Looks like it's going to get rougher around here. Burglery is on the rise around here. Don't lay anything down cause it wont be there when you go to pick it back up. Less then a quarter of a mile from my house, a female cuz of mine whom just got a divorce, bought a trailer house and her dad let her have a small peice of land to put it on. Well while she was at work, someone come along and stoled her meter pack off the pole. Cut the underground wires to her trailor and pulled the wires completely out of the ground and took off with them also. This is too close to home! I will have to step up our security and watch who drives by to see if they're scoping my place out. I pity the fool who lets me catch them stealing out of my yard. :flame:

Anywho, I'm thinking if we stay in this drought too long, and jobs are still slow, there maybe a lot of stealing and hunger going on soon. I was wondering if I bought a lot of flour, salt, dry beans, rice, cornmeal, oil, etc, and maybe place them in 2 liter bottles, sealed tightly with epoxy glue, and then buried them, would they stay moist free? Or, what would happen if I hid them up in the attic somewhere?


----------



## Explorer (Dec 2, 2003)

I have stored food in an underground fallout (60's style) for a couple of years and it was fine. Course I do live in an dry climate.


----------



## Cyngbaeld (May 20, 2004)

That is a lot of extra work! Why don't you get some 5 gal buckets or some 55 gal drums and mylar bags?


----------



## springvalley (Jun 23, 2009)

I wouldn`t think underground would be to good for dry gooods, maybe the attic would be better. put in storage totes with news paper crumpled up around them will sure enough keep them dry. > Marc


----------



## megafatcat (Jun 30, 2009)

The Native Americans did it without plastic, they did just fine with Buffalo hide. Look up cache.


----------



## naturelover (Jun 6, 2006)

If the attic gets very hot - above 80 degrees F. - then that will not be a good place to store canned or dry goods foods for long term storage. Dry goods that are exposed to temperatures above 80 degrees are subject to rapid deterioration even when enclosed in a dry, air-tight container. The ideal long term storage temperatures for canned and dry goods is between 50 - 70 degrees Farenheit. If excessive heat (or freezing) in the attic is not a problem then it should be okay.

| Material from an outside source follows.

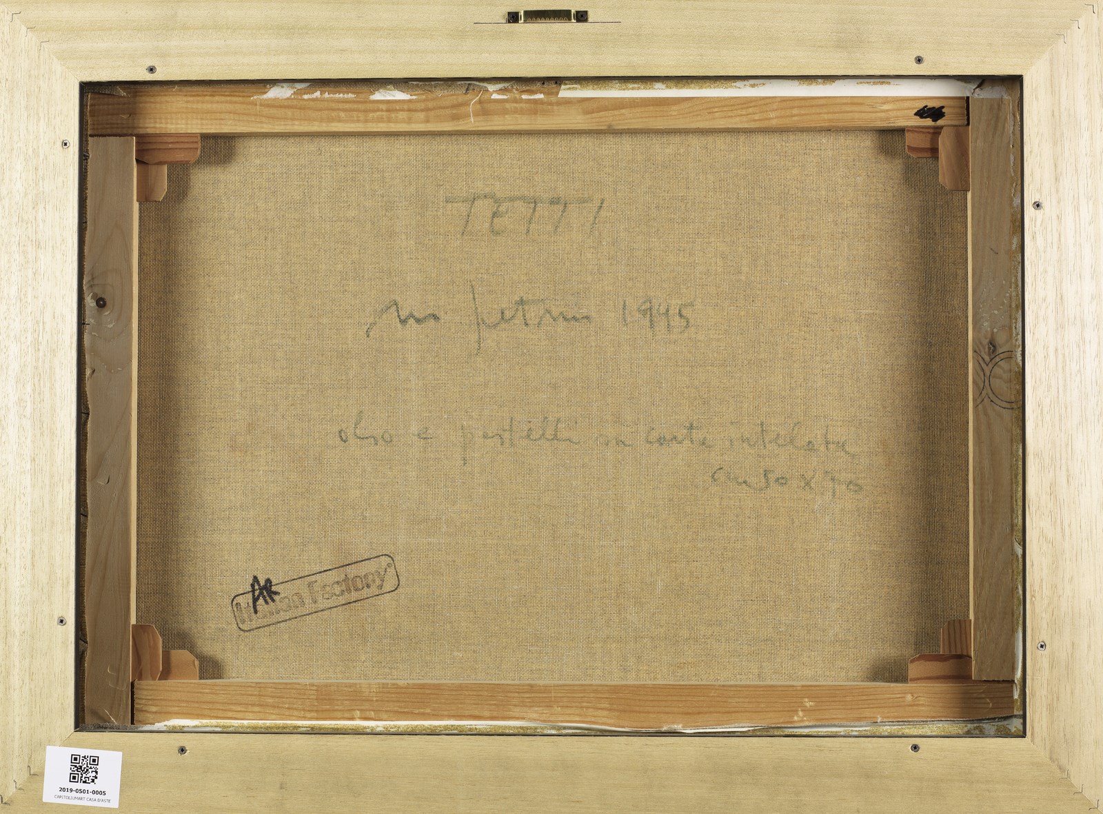 PETRUS MARCO (n. 1960) Tetti. 1995. Tecnica mista su carta su tela. Cm 70,00 x 50,00. Firma e anno in basso a destra. Al retro titolo, firma, anno e timbro Italian Factory.Autentica dell'artista su fotografia. Provenienza: DL Arte, Milano. Cornice presente

If it was me in a similar situation to yours I would not be able to store foods in my own attic because it gets way too hot in the summer and too cold in the winter. Instead I would sink a large corrugated sheet metal or tin-lined box in a pit underground and store my canned and dry goods and other valuables inside rubbermaid containers in the underground metal box. The temperatures underground will stay at more consistent temperatures that do not exceed below 50 degrees or above 70 degrees. I would cover the pit over with something that nobody would think to move or look under. 

.


----------



## debbiekatiesmom (Feb 24, 2009)

oldcountryboy, it is indeed a sad situation. i've heard there have been breakins around my area, too. and my yard and gardens are burnt to crispy already. all i managed to salvage was some potatoes. my strawberry plants are almost dead, my asparagus fronds are turning brown. watering doesn't seem to help. it is just too hot on top of the drought. i wish my neighbors would stop watering their lawn, too! i am on a well and i imagine they are too. does that mean that they may be getting their water from the same source? i don't know much about wells.


----------



## SquashNut (Sep 25, 2005)

could you bury 55 gallon barrels. Or put the food in the walls.


----------



## InvalidID (Feb 18, 2011)

I honestly think it's a pretty good idea. I'd recommend a test run, try a bottle of everything you want to store and see how it does for the summer/fall.


----------



## Bearfootfarm (Jul 13, 2006)

Put it in barrels or buckets and it will store well


----------



## Rusty'sDog (Oct 14, 2010)

If you have an old, dead chest freezer (or can find one @ the dump), dig a pit and bury it. Makes a good "root cellar".


----------



## Paumon (Jul 12, 2007)

Rusty'sDog said:


> If you have an old, dead chest freezer (or can find one @ the dump), dig a pit and bury it. Makes a good "root cellar".


YES !! :thumb:


----------



## chickenista (Mar 24, 2007)

I would really like a 'secret space' in our crawl space under the house.
Dig down deeper, cinder blocks, shelves and a trap door above.
I cannot see it happening though.. but I keep asking.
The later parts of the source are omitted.